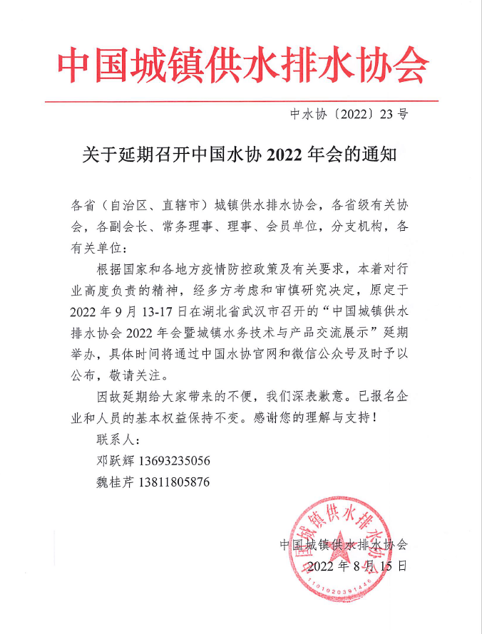 關(guān)于延期召開中國水協(xié)2022年會的通知
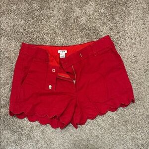 Stylish high waist shorts with scalloped hem. Vibrant red color. Ideal for casual wear.
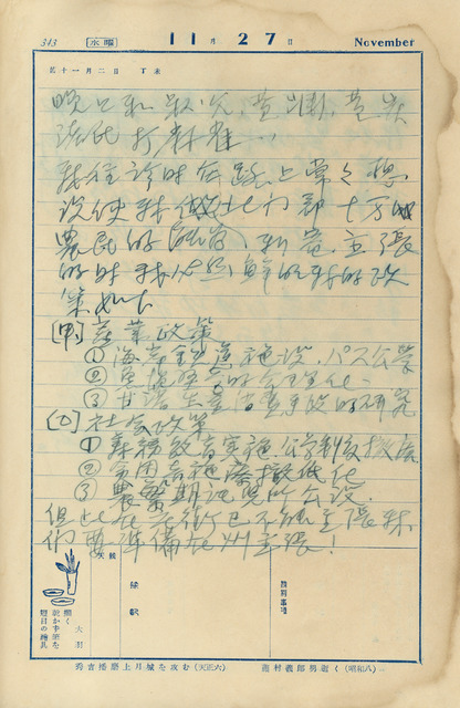 此係吳新榮寫於1935年11月27日日記,晚上和黃淵、黃炭等人打麻將;預想若參政欲從產業政策和社會政策兩方面著手北門郡農民的利益。   北門一帶臨海,土地鹽質含量高,不利農植裁種。加上地處臨海,交通不便,當地住民多以務農、漁業維生,考量農家在農務繁忙時期無法專心照顧孩童,特別設立農務繁忙期專用的託兒所,文中所指的託兒所與保育園和幼稚園的目的不同,而是屬協助一般民眾的社會福利事業,有保姆、看護婦等陪同,託兒年齡、託兒時間也有其規定。1935年11月22日,台灣第一次地方自治選舉甫結束,吳新榮參與助選地方自治聯盟的選舉,並獲得不錯的成績。或許因此,長期對地方公共、政治事務保持關心的吳新榮才會設想自己若從政,將由產業面和社會政策面來為北門郡農民爭取資源。
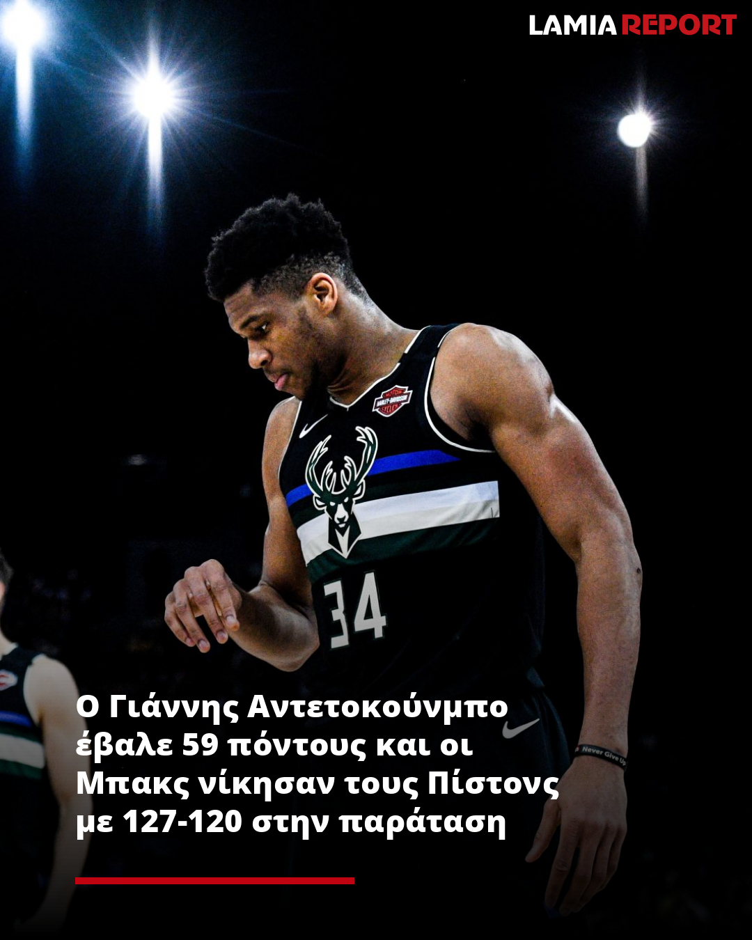 Ο Γιάννης Αντετοκούνμπο μπήκε σε «beast mode», έκανε ρεκόρ πόντων τη φετινή σεζόν (59 πόντους) και οι Μιλγουόκι Μπακς κατάφεραν να επικρατήσουν εντός έδρας των Ντιτρόιτ Πίστονς με 127-120, στην παράταση (111-111). Μοιραίος για τους φιλοξενούμενους ο ρούκι Ρον Χόλαντ που αστόχησε σε βολές στο τέλος της κανονικής διάρκειας.
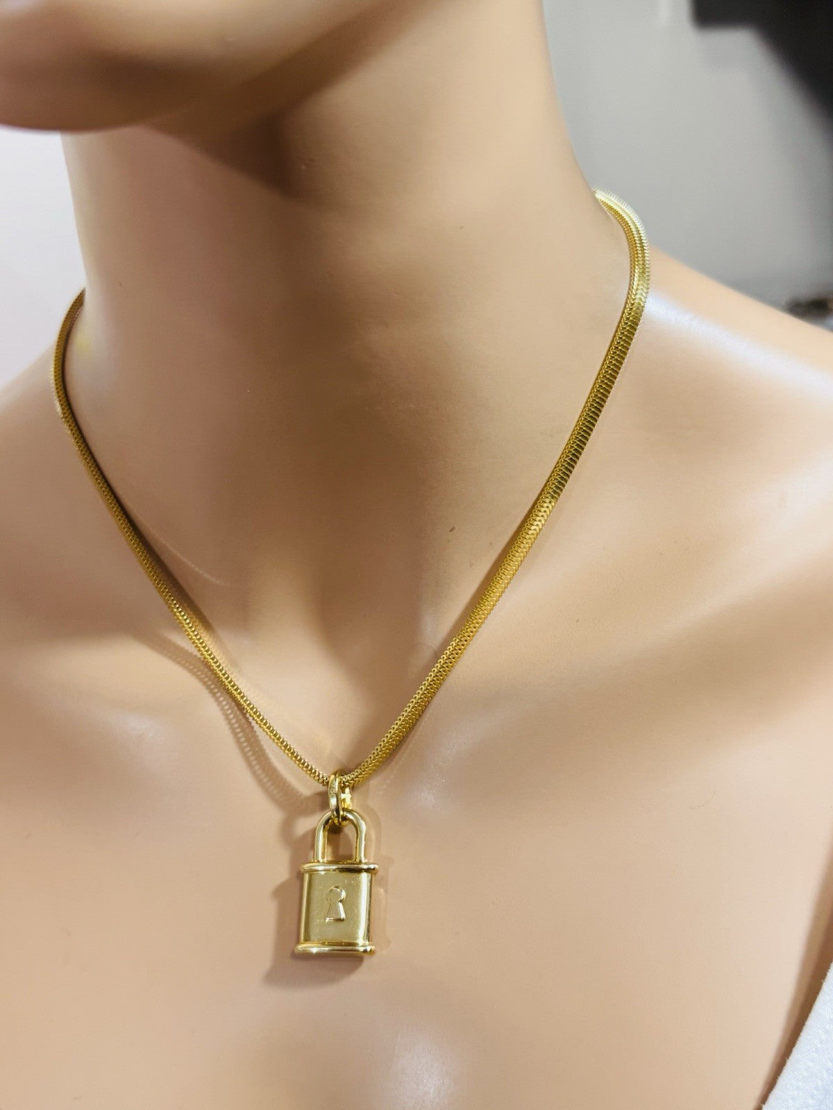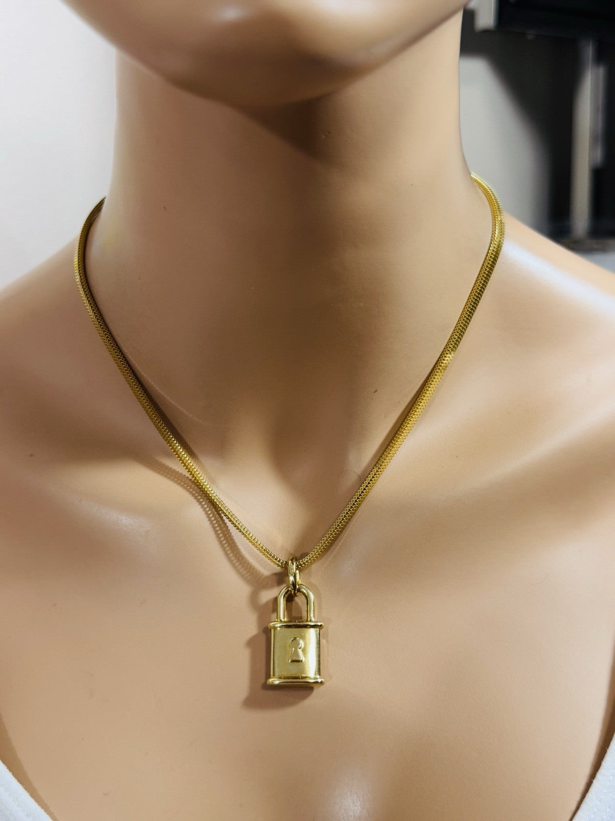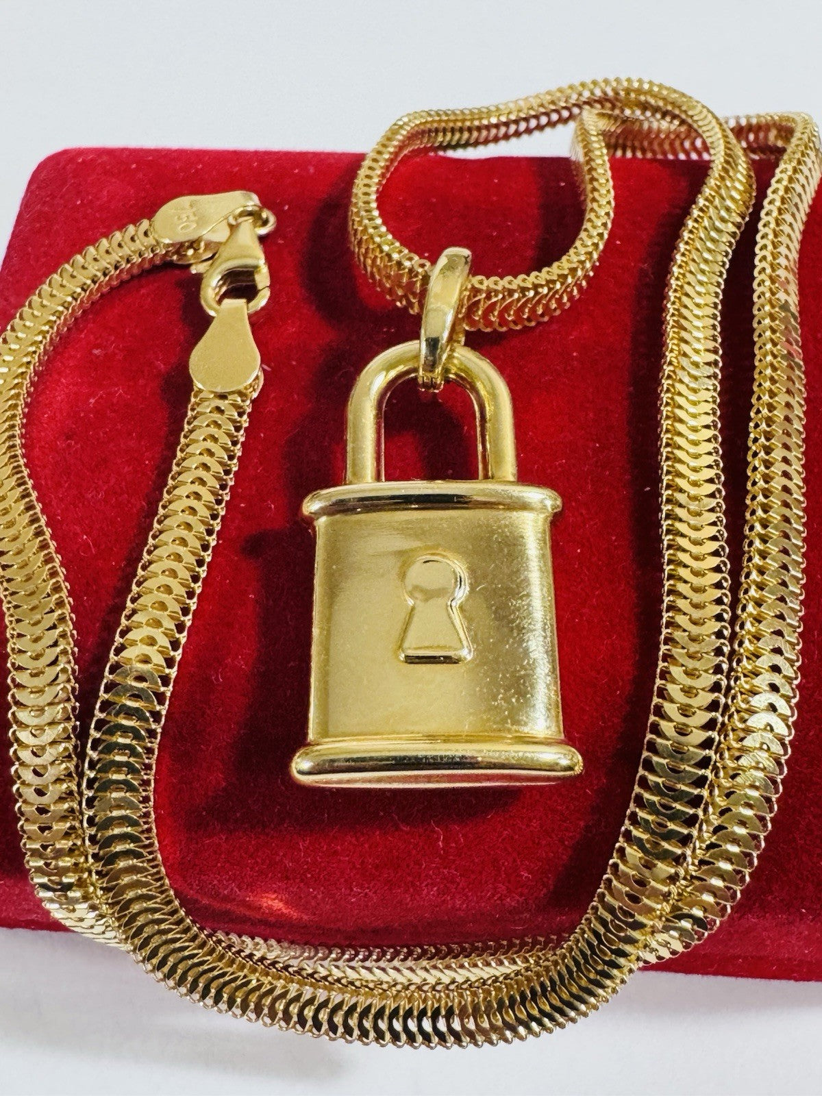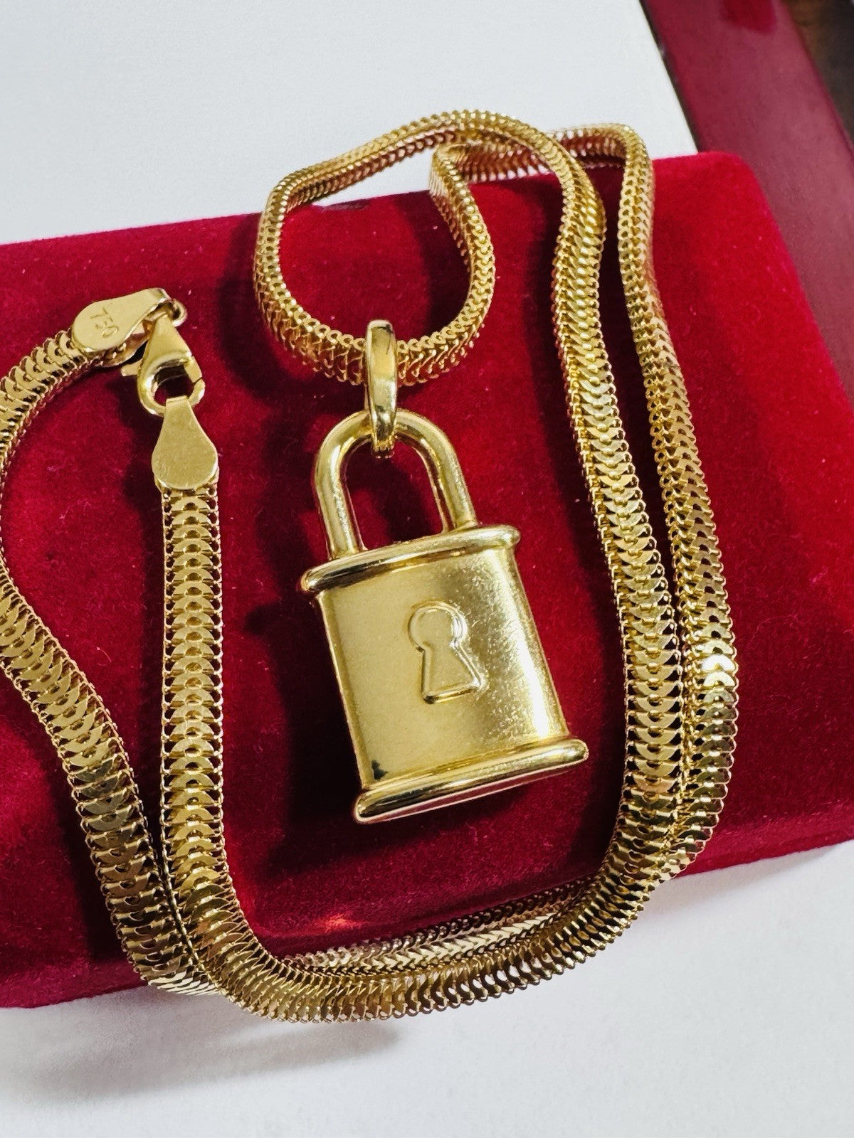 Pure 750 18K Fine Gold Snake Chain Padlock Set Necklace 18” Long 4mm 14.66g
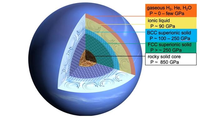驱动激光的波长是800纳米,持续时间是10皮秒。探测激光的波长是1.5埃,持续时间是50飞秒。他们在驱动激光打在水样品后的不同时间点上打探测激光,从而得到水在不同压缩阶段的X射线衍射图像。 通过这种方法,他们发现了一种新的水冰相,命名为冰XIX,其结构为体心立方(BCC)。这种结构与之前理论预测的几种立方或正交结构不同,表明水在高压高温下有着复杂而丰富的相图。冰XIX在200 GPa和约5000 K的条件下稳定存在,并且接近于熔化边界。这意味着,在冰巨行星的深层内部,可能存在着一种具有较高电导率和流动性的BCC水冰层。 这一发现对于理解冰巨行星的磁场和动力学有着重要的意义。冰巨行星的磁场与木星和土星等气态巨行星不同,呈现出非轴对称、非偶极的特征。这可能是由于冰巨行星内部存在着一个由离子化水组成的液态层,其对流运动产生了复杂的电流和磁场。如果水在高压高温下发生了相变和电离,那么它的电导率和流动性就会发生变化,从而影响磁场的形成和演化。因此,揭示水在极端条件下的物理性质,有助于我们更好地认识冰巨行星这一类神秘而迷人的天体。(www.wS46.com)
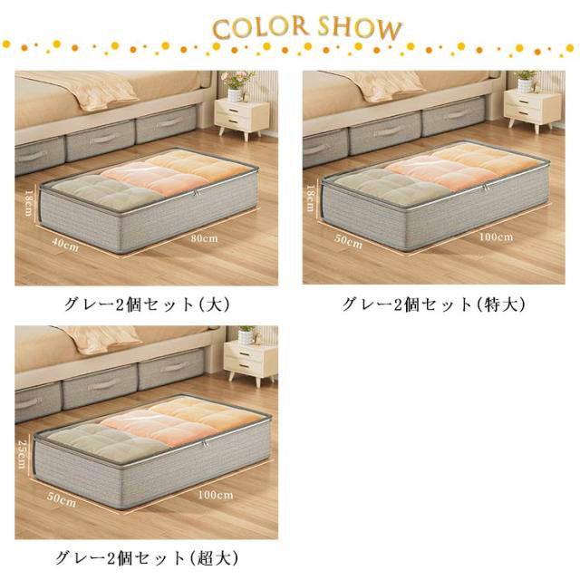 ベッド下収納ケース ベッド下用収納袋 ベッド下 ベッド下収納ケース 布団ケース ソフトボックス 布団収納袋 2個セット ファスナー ソファ下用 収納BOX 収納ボックス
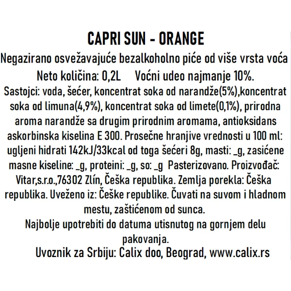 Capri-Sun je jedan od najpoznatijih dečijih pića na svetu! Jedinstven po ukusu i dizajnu Svi proizvodi od Capri-Sun su napravljeni od izuzetno malo sastojaka Svaki sokić Capri-Sun je bez veštačkih boja, ukusa i konzervansa Capri-Sun – jer dečiji osmeh sve govori! Voćni sokići koji se prave po posebnom receptu, kako bi bili omiljeni mališanima širom sveta.
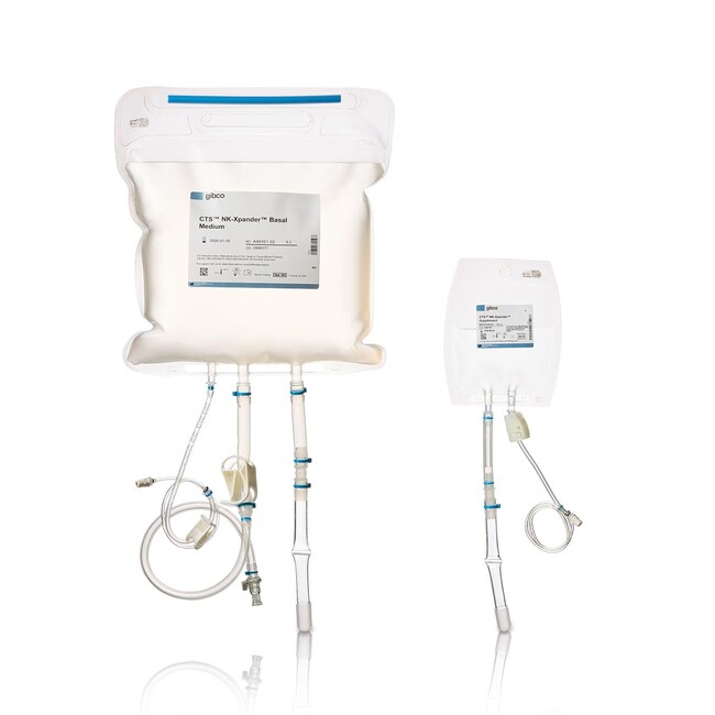 CTS NK-Xpander 培养基有 500 mL(瓶装)和 5 L(袋装)规格可供选择,便于工艺开发和封闭系统生产规模扩大。5 L 生物工艺容器样品仓由 Aegis 5-14 薄膜制成,包括无菌、可焊接的无 DEHP PVC 管路(带鲁尔锁)和 C-Flex™ 管路(带 MPC 快速连接器),为您的生产工艺提供多种连接选项,包括与 CTS Roteat 逆流离心系统的兼容性。

=-=-=

What the task requires
The copy should run from the first line of the material above through the line with "Stylish high waist", repeated exactly and without pictures.

Task solution
 關(guān)于延期召開中國水協(xié)2022年會的通知
 Stylish high waist shorts with scalloped hem. Vibrant red color. Ideal for casual wear.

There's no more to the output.